Ratio: Congress exercises the power to prescribe the qualifications for SK membership. One
who is no longer qualified because of an amendment in the law cannot complain of being
deprived of a proprietary right to SK membership. Only those who qualify as SK members can
contest, based on a statutory right, any act disqualifying them from SK membership or from
voting in the SK elections. SK membership is not a property right protected by the Constitution
because it is a mere statutory right conferred by law. Congress may amend at any time the law
to change or even withdraw the statutory right.
A public office is not a property right. As the Constitution expressly states, a “[P]ublic
office is a public trust.” No one has a vested right to any public office, much less a vested right to
an expectancy of holding a public office. In Cornejo v. Gabriel, decided in 1920, the Court
already ruled:
”Again, for this petition to come under the due process of law prohibition, it would be necessary to consider an office a
“property.” It is, however, well settled x x x that a public office is not property within the sense of the
constitutional guaranties of due process of law, but is a public trust or agency. x x x The basic idea of the
government x x x is that of a popular representative government, the officers being mere agents and not rulers of the
people, one where no one man or set of men has a proprietary or contractual right to an office, but where every officer
accepts office pursuant to the provisions of the law and holds the office as a trust for the people he represents.”
Petitioners, who apparently desire to hold public office, should realize from the very start
that no one has a proprietary right to public office. While the law makes an SK officer an ex-
officio member of a local government legislative council, the law does not confer on petitioners a
proprietary right or even a proprietary expectancy to sit in local legislative councils. The
constitutional principle of a public office as a public trust precludes any proprietary claim to
public office. Even the State policy directing “equal access to opportunities for public service”

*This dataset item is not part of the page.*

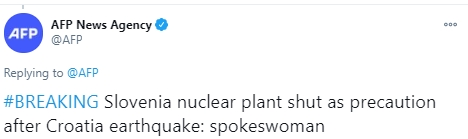 Кроме того власти Словении отключили в качестве меры предосторожности единственную действующую в стране АЭС "Кршко" после того, как на территории соседней Хорватии было зафиксировано землетрясение, сообщает "Агентство новостей АFP" в своем Twitter.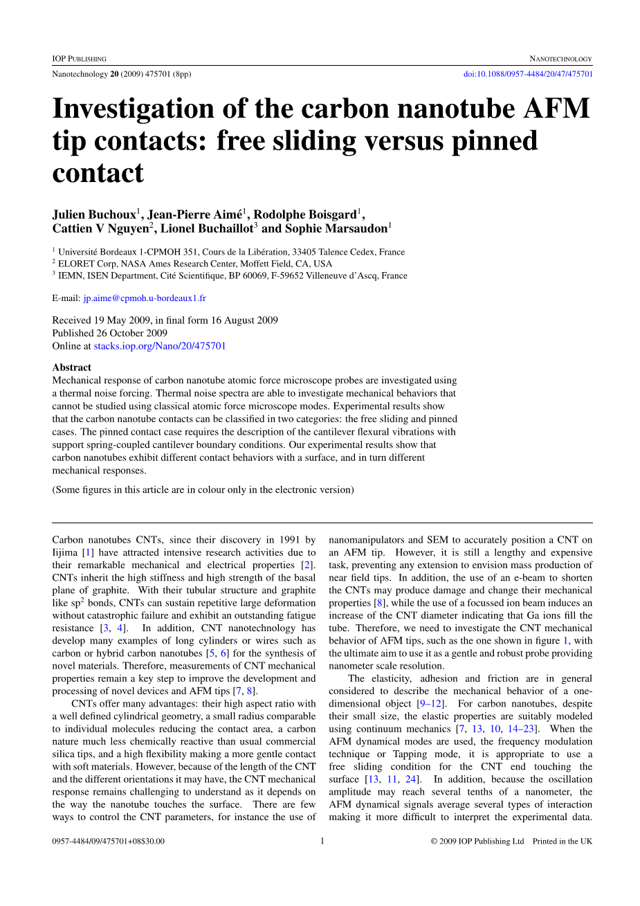 为了避免这种复杂性,我们进行了热噪声测量。热噪声悬臂振幅通常在埃左右或小于埃,因此可以绕过大振幅的平均。弱力使人们可以通过碳纳米管与表面之间的固定接触来探测碳纳米管的力学行为。这篇论文结构如下:第一部分致力于描述方法,介绍了热噪声实验,描述了热噪声谱的物理内容时间提示接触表面;第二部分介绍了实验结果;第三段是专门讨论,特别是关注理论预测和实验结果之间的比较。

cannot bestow on petitioners a proprietary right to SK membership or a proprietary expectancy
to ex-officio public offices.
Moreover, while the State policy is to encourage the youth’s involvement in public affairs, this
policy refers to those who belong to the class of people defined as the youth. Congress has the
power to define who are the youth qualified to join the SK, which itself is a creation of Congress.
Those who do not qualify because they are past the age group defined as the youth cannot insist
on being part of the youth. In government service, once an employee reaches mandatory
retirement age, he cannot invoke any property right to cling to his office. In the same manner,
since petitioners are now past the maximum age for membership in the SK, they cannot invoke
any property right to cling to their SK membership.
The petition must also fail because no grave abuse of discretion attended the
postponement of the SK elections. RA No. 9164 is now the law that prescribes the qualifications
of candidates and voters for the SK elections. This law also fixes the date of the SK elections.
Petitioners are not even assailing the constitutionality of RA No. 9164. RA No. 9164 enjoys the
presumption of constitutionality and will apply to the July 15, 2002 SK elections.